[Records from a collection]
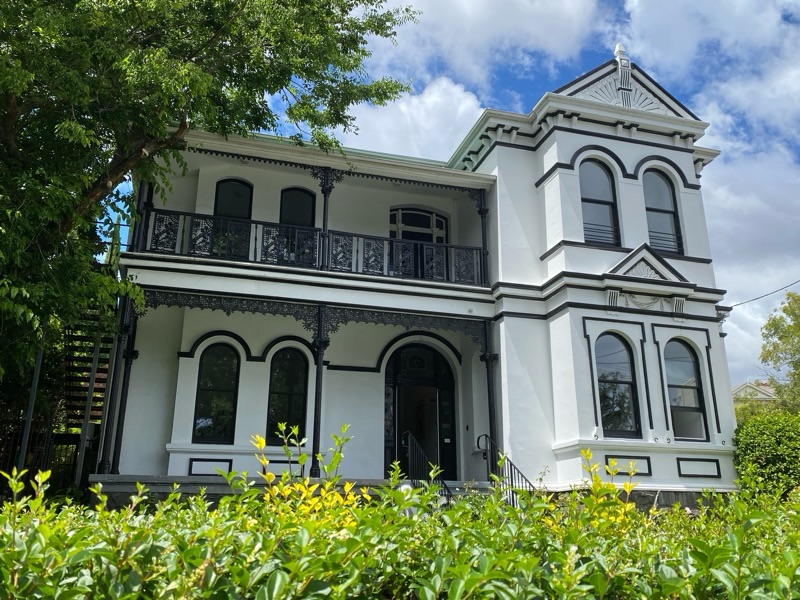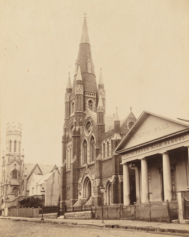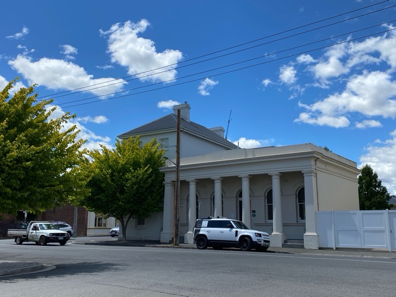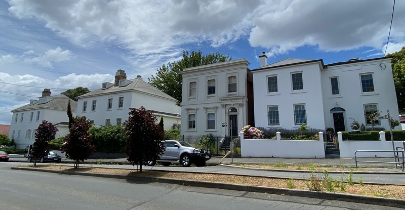 Next to the church is Milton Hall – 1842 was St Johns Congregational Church and is in Greek Revival style – from 1884-1913 it was used as Launceston High School
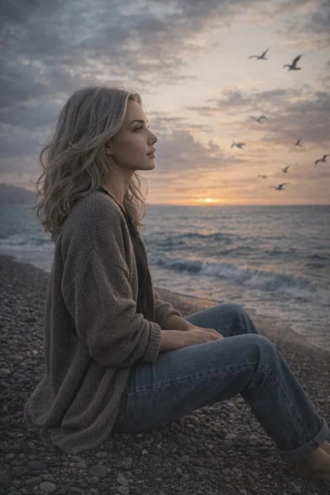 日落时分的海边电影场景,天空充满戏剧性的云彩。色调融合了冷蓝色调的灰蒙蒙大气,地平线附近泛着柔和的桃色光芒。人物侧身坐在布满鹅卵石的海滩上,靠近海岸线,身体朝向大海,目光凝视水面。姿势自然放松,符合人体解剖学,没有夸张的造型。轻柔的海风营造出微妙的环境动态——衣物轻柔摆动,与周围环境自然互动。海鸥在空中盘旋,部分带有轻微的运动模糊,以实现逼真的景深和空间分层。服饰简约中性:深色基本款 T 恤内搭宽松针织开衫,配以宽松直筒牛仔裤。面料必须展现逼真的纺织品特性——可见的针织纹理、自然的褶皱、重量、肘部和腰部的重力张力、真实的牛仔布结构和缝线细节。光线是柔和的自然日落光,具有逼真的衰减。来自地平线的微妙轮廓光,皮肤曝光平衡,不过度平滑。阴影保持哑光和立体感。以摄影师的视角拍摄——35 毫米镜头效果,自然透视,景深较浅但真实可信。复古胶片风格的色彩科学,让人联想到 Kodak Portra 400:柔和对比度,柔和高光,哑光阴影,轻微去饱和,有机胶片颗粒。编辑式构图,高照片真实感,4K 分辨率。
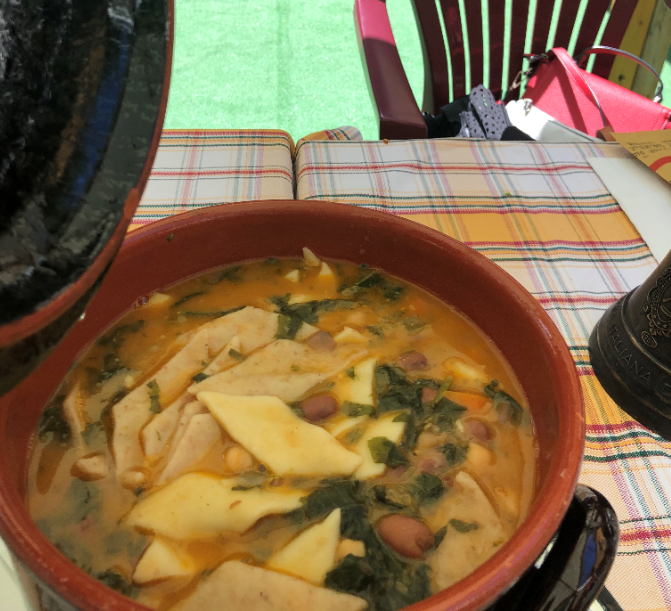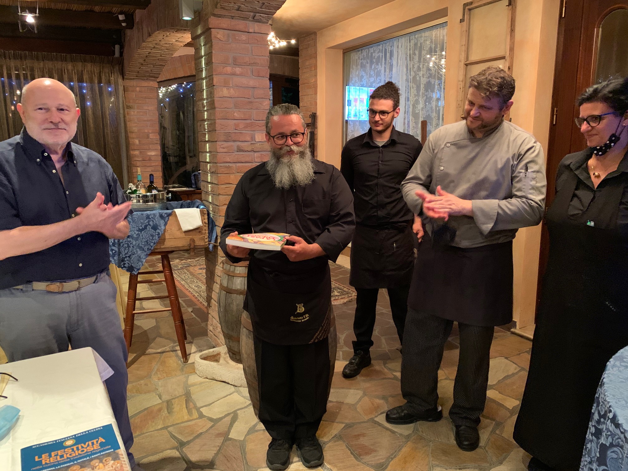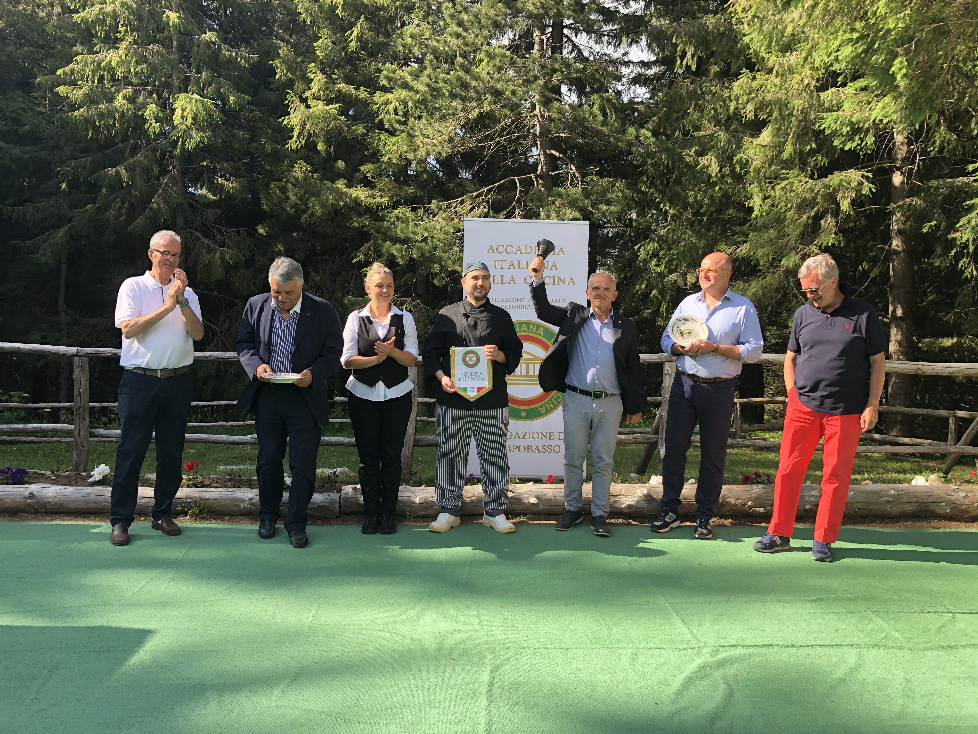 Per la riunione conviviale del ritorno la Delegazione di Campobasso si è ritrovata a Campitello Matese ai piedi del Monte Miletto (2086 m), presso il ristorante "La Pinetina" di Pierpaolo Muccilli. Bella performance del giovane chef Severino Serafino: ottimo l'antipasto di polenta grigliata al capriolo in salmì; sublime la "pentolaccia" zuppa di legumi e orapi, spinacio selvatico che nasce spontaneo e rigoglioso soltanto in quota al limite degli stazzi di bovini al pascolo. Accoppiamento riuscito con il rosso Tintilia, unico vitigno autoctono del Molise.
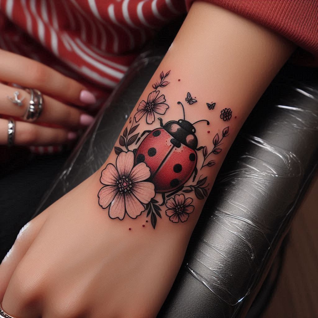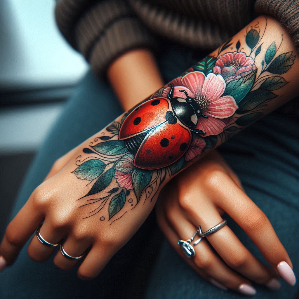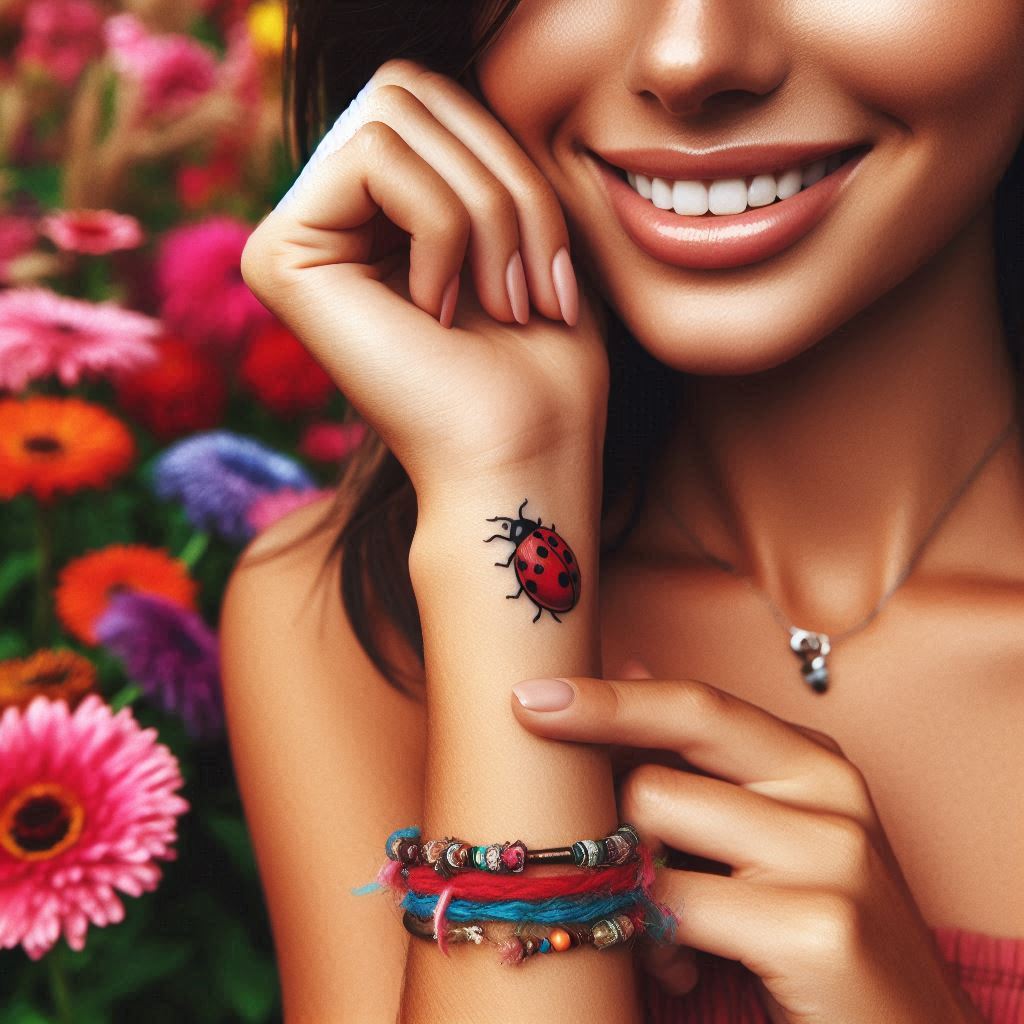 - Отдельное тату – божья коровка в нем будет центральным персонажем, а располагают его обычно на запястье или на ноге.
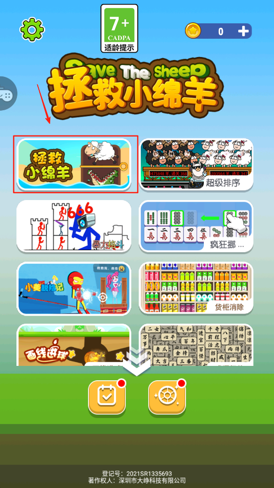 1、点击主界面上的“拯救小绵羊”图标,进入游戏开始挑战。
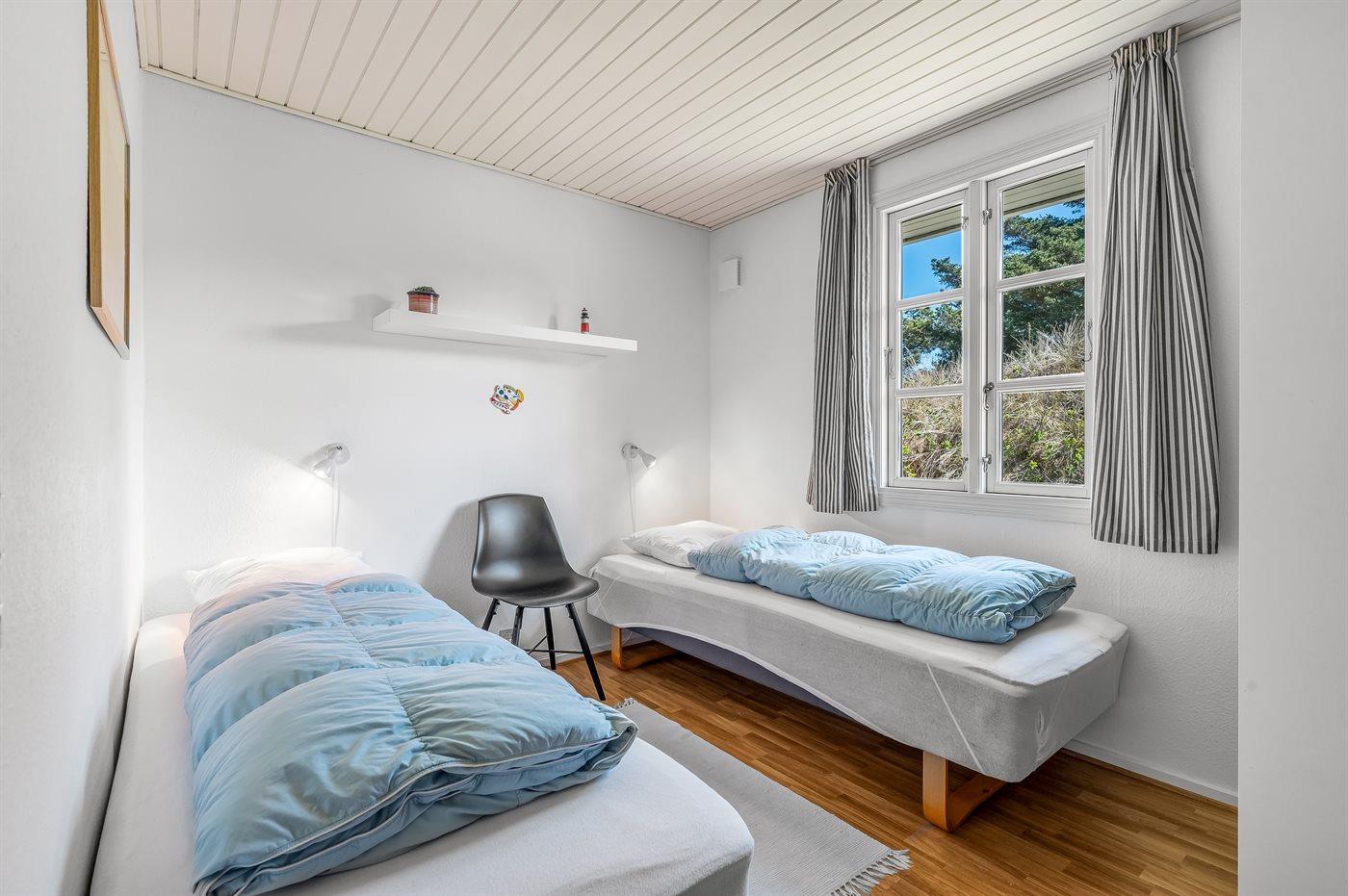 Der er i alt 2 soveværelser. Sovepladserne fordeler sig på: 2 sovepladser i dobbeltseng. 2 sovepladser i enkeltsenge.
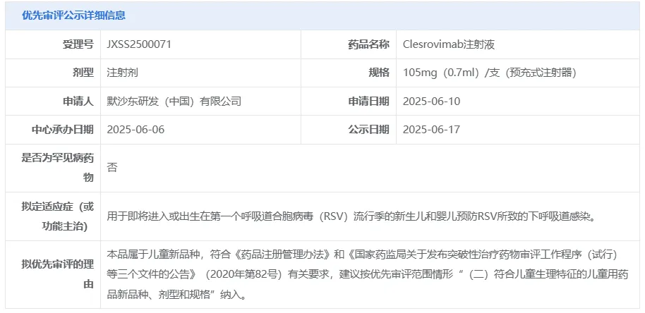6 月 17 日,CDE 官网显示,默沙东的 Clesrovimab (MK-1654) 注射液上市申请拟纳入优先审评,适应症为用于即将进入或出生在第一个呼吸道合胞病毒(RSV)流行季的新生儿和婴儿预防 RSV 所致的下呼吸道感染。
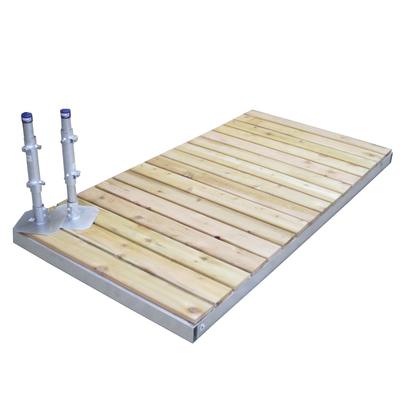 The 4 X 8 ft aluminum shore ramp kit includes the aluminum frame, two cedar decking panels, two 2.5 ft pipes, pipe holders, pipe foot plates and vinyl caps. Mounting plates and hardware included. Measures 48 in. x 96 in. x 3 in. Constructed fro... Read more
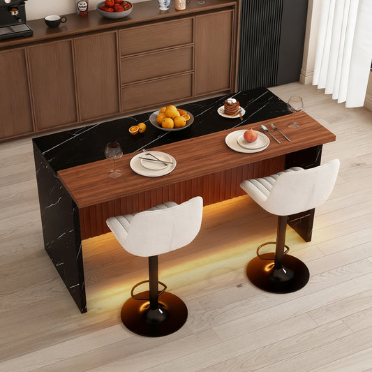 63-inch Modern Kitchen Island Set with 2 Dark Brown Bar Stools - Black Marble Look Surface, LED Lighting & Grill Design for Dining Room, Open Concept Spaces, Lounge(2 Dark Brown Bar Stools)
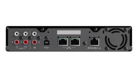 Unità DSP con interfaccia Dante. Input: x2 ingressi microfonici XLR bilanciati, x16 Dante, 2 RCA linea sbilanciati, USB2.0. Output: x2 RCA linea sbilanciati, x16 Dante, x2 USB 2.0 @48 kHz. LAN: Ethernet 1 Dante Audio/Dante Control, Remote Control, Web UI, PoE+; Ethernet 2/3 Corporate Network, Remote Control, SIP, Web UI. Funzionalità SIP: Call Handling, Call Bridging. Alimentazione PoE+ (IEEE 802.3at, LLDP), DC 48 V. Dimensioni (WxDxH): 215x260×44 mm. Peso: 1,6 kg.
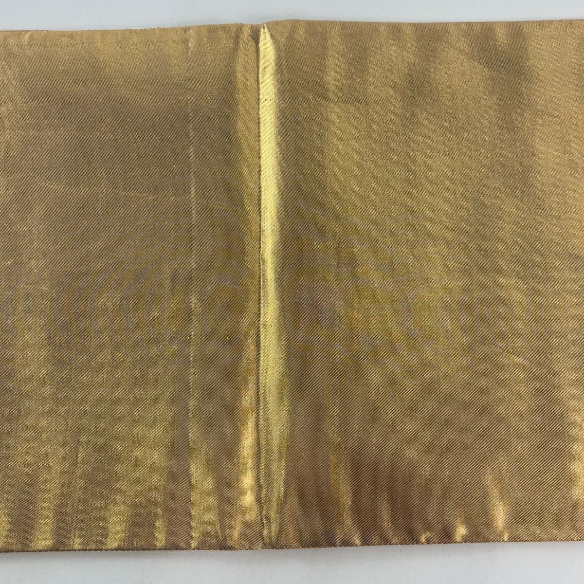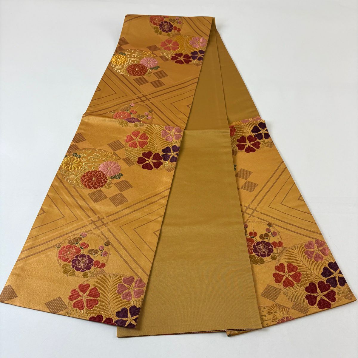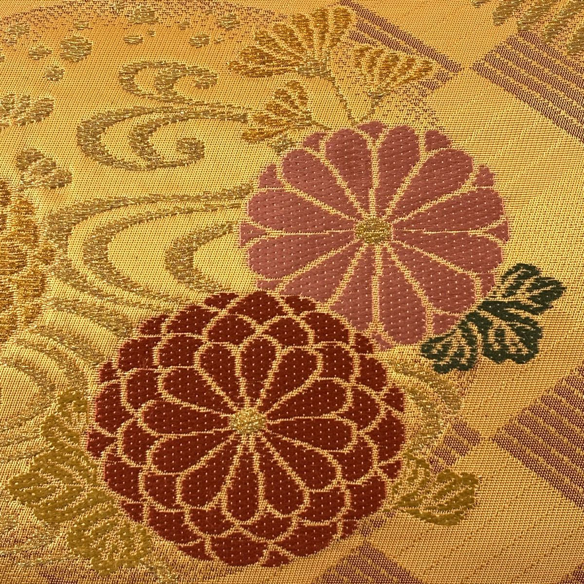 【美品】 袋帯 秀品 幾何学模様 金糸 山吹茶色 全通 正絹
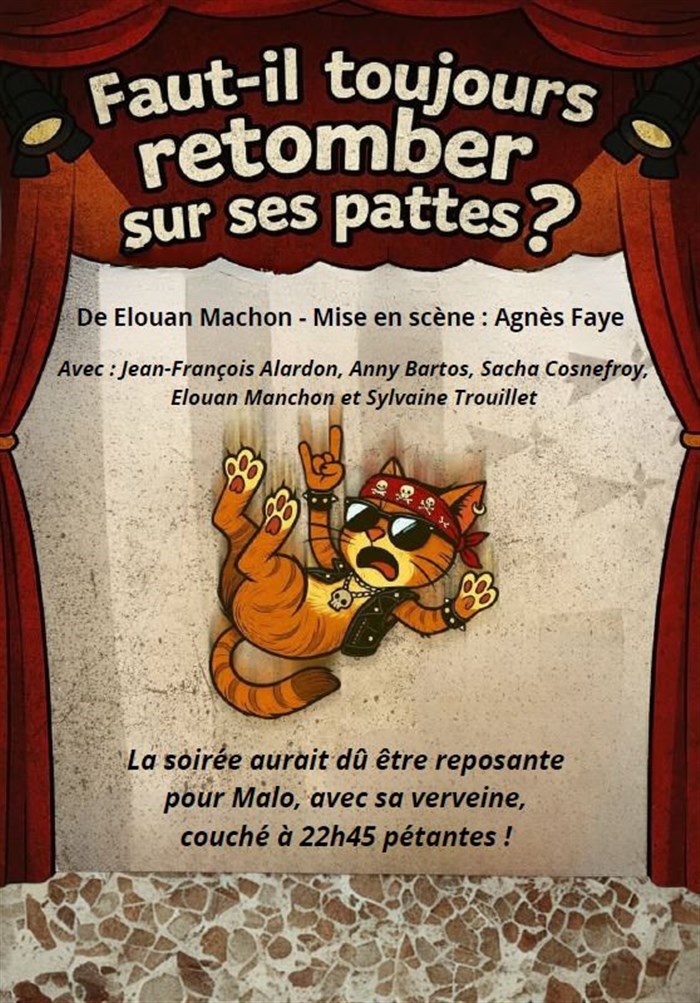 Découvre Faut-il toujours retomber sur ses pattes ?, qui fait partie de notre sélection d’événements de type Comédie et qui se tient ici : Théâtre de l'Anagramme -
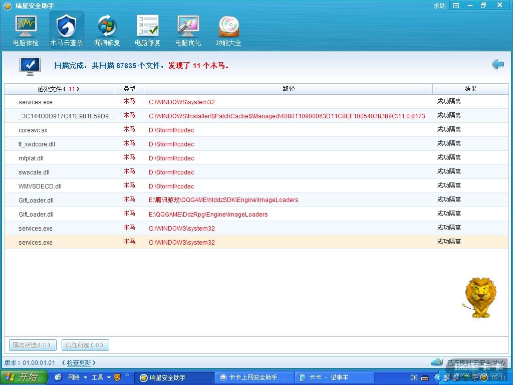 [求助] 卡卡助手木马云查杀发现木马,瑞星没杀出毒,另附了查杀的图.
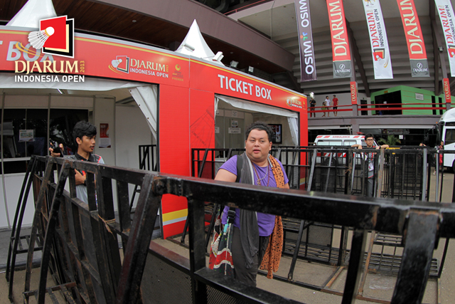 Salah satu artis ibu kota, Pampam setelah membeli tiket untuk menyaksikan langsung Djarum Indonesia Open Super Series Premier 2013 di Istora Senayan, Jakarta.
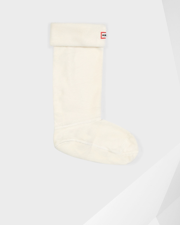 Size/Fit Summary: Sizes run slightly large ᄄC we recommend the following sizing for wearing with your Original Tall Hunter Boots. Size M = US Women's Size 5-8. Size L = US Women's Size 9-11,US Men's Size 8-10. Size XL = US Men's Size 11-13.Add a personal touch to your Hunter Boots with these warm and snug boot socks. Designed to fit comfortably inside the Original Tall Rain Boot Boot and enhance fit while adding comfort and warmth,these boot socks feature a Hunter white fleece fold down cuff finished with the Hunter Original logo.100% Polyester fleeceFold down cuffDesigned to fit the Original Tall Rain BootPVC logo branding

> **REQUIRED WORK**: Write out all the entries word for word, but drop the pictures.

> **TASK ANSWER**:
 Next to the church is Milton Hall – 1842 was St Johns Congregational Church and is in Greek Revival style – from 1884-1913 it was used as Launceston High School
 日落时分的海边电影场景,天空充满戏剧性的云彩。色调融合了冷蓝色调的灰蒙蒙大气,地平线附近泛着柔和的桃色光芒。人物侧身坐在布满鹅卵石的海滩上,靠近海岸线,身体朝向大海,目光凝视水面。姿势自然放松,符合人体解剖学,没有夸张的造型。轻柔的海风营造出微妙的环境动态——衣物轻柔摆动,与周围环境自然互动。海鸥在空中盘旋,部分带有轻微的运动模糊,以实现逼真的景深和空间分层。服饰简约中性:深色基本款 T 恤内搭宽松针织开衫,配以宽松直筒牛仔裤。面料必须展现逼真的纺织品特性——可见的针织纹理、自然的褶皱、重量、肘部和腰部的重力张力、真实的牛仔布结构和缝线细节。光线是柔和的自然日落光,具有逼真的衰减。来自地平线的微妙轮廓光,皮肤曝光平衡,不过度平滑。阴影保持哑光和立体感。以摄影师的视角拍摄——35 毫米镜头效果,自然透视,景深较浅但真实可信。复古胶片风格的色彩科学,让人联想到 Kodak Portra 400:柔和对比度,柔和高光,哑光阴影,轻微去饱和,有机胶片颗粒。编辑式构图,高照片真实感,4K 分辨率。
 Per la riunione conviviale del ritorno la Delegazione di Campobasso si è ritrovata a Campitello Matese ai piedi del Monte Miletto (2086 m), presso il ristorante "La Pinetina" di Pierpaolo Muccilli. Bella performance del giovane chef Severino Serafino: ottimo l'antipasto di polenta grigliata al capriolo in salmì; sublime la "pentolaccia" zuppa di legumi e orapi, spinacio selvatico che nasce spontaneo e rigoglioso soltanto in quota al limite degli stazzi di bovini al pascolo. Accoppiamento riuscito con il rosso Tintilia, unico vitigno autoctono del Molise.
 - Отдельное тату – божья коровка в нем будет центральным персонажем, а располагают его обычно на запястье или на ноге.
 1、点击主界面上的“拯救小绵羊”图标,进入游戏开始挑战。
 Der er i alt 2 soveværelser. Sovepladserne fordeler sig på: 2 sovepladser i dobbeltseng. 2 sovepladser i enkeltsenge.
6 月 17 日,CDE 官网显示,默沙东的 Clesrovimab (MK-1654) 注射液上市申请拟纳入优先审评,适应症为用于即将进入或出生在第一个呼吸道合胞病毒(RSV)流行季的新生儿和婴儿预防 RSV 所致的下呼吸道感染。
 The 4 X 8 ft aluminum shore ramp kit includes the aluminum frame, two cedar decking panels, two 2.5 ft pipes, pipe holders, pipe foot plates and vinyl caps. Mounting plates and hardware included. Measures 48 in. x 96 in. x 3 in. Constructed fro... Read more
 63-inch Modern Kitchen Island Set with 2 Dark Brown Bar Stools - Black Marble Look Surface, LED Lighting & Grill Design for Dining Room, Open Concept Spaces, Lounge(2 Dark Brown Bar Stools)
 Unità DSP con interfaccia Dante. Input: x2 ingressi microfonici XLR bilanciati, x16 Dante, 2 RCA linea sbilanciati, USB2.0. Output: x2 RCA linea sbilanciati, x16 Dante, x2 USB 2.0 @48 kHz. LAN: Ethernet 1 Dante Audio/Dante Control, Remote Control, Web UI, PoE+; Ethernet 2/3 Corporate Network, Remote Control, SIP, Web UI. Funzionalità SIP: Call Handling, Call Bridging. Alimentazione PoE+ (IEEE 802.3at, LLDP), DC 48 V. Dimensioni (WxDxH): 215x260×44 mm. Peso: 1,6 kg.
 【美品】 袋帯 秀品 幾何学模様 金糸 山吹茶色 全通 正絹
 Découvre Faut-il toujours retomber sur ses pattes ?, qui fait partie de notre sélection d’événements de type Comédie et qui se tient ici : Théâtre de l'Anagramme -
 [求助] 卡卡助手木马云查杀发现木马,瑞星没杀出毒,另附了查杀的图.
 Salah satu artis ibu kota, Pampam setelah membeli tiket untuk menyaksikan langsung Djarum Indonesia Open Super Series Premier 2013 di Istora Senayan, Jakarta.
 Size/Fit Summary: Sizes run slightly large ᄄC we recommend the following sizing for wearing with your Original Tall Hunter Boots. Size M = US Women's Size 5-8. Size L = US Women's Size 9-11,US Men's Size 8-10. Size XL = US Men's Size 11-13.Add a personal touch to your Hunter Boots with these warm and snug boot socks. Designed to fit comfortably inside the Original Tall Rain Boot Boot and enhance fit while adding comfort and warmth,these boot socks feature a Hunter white fleece fold down cuff finished with the Hunter Original logo.100% Polyester fleeceFold down cuffDesigned to fit the Original Tall Rain BootPVC logo branding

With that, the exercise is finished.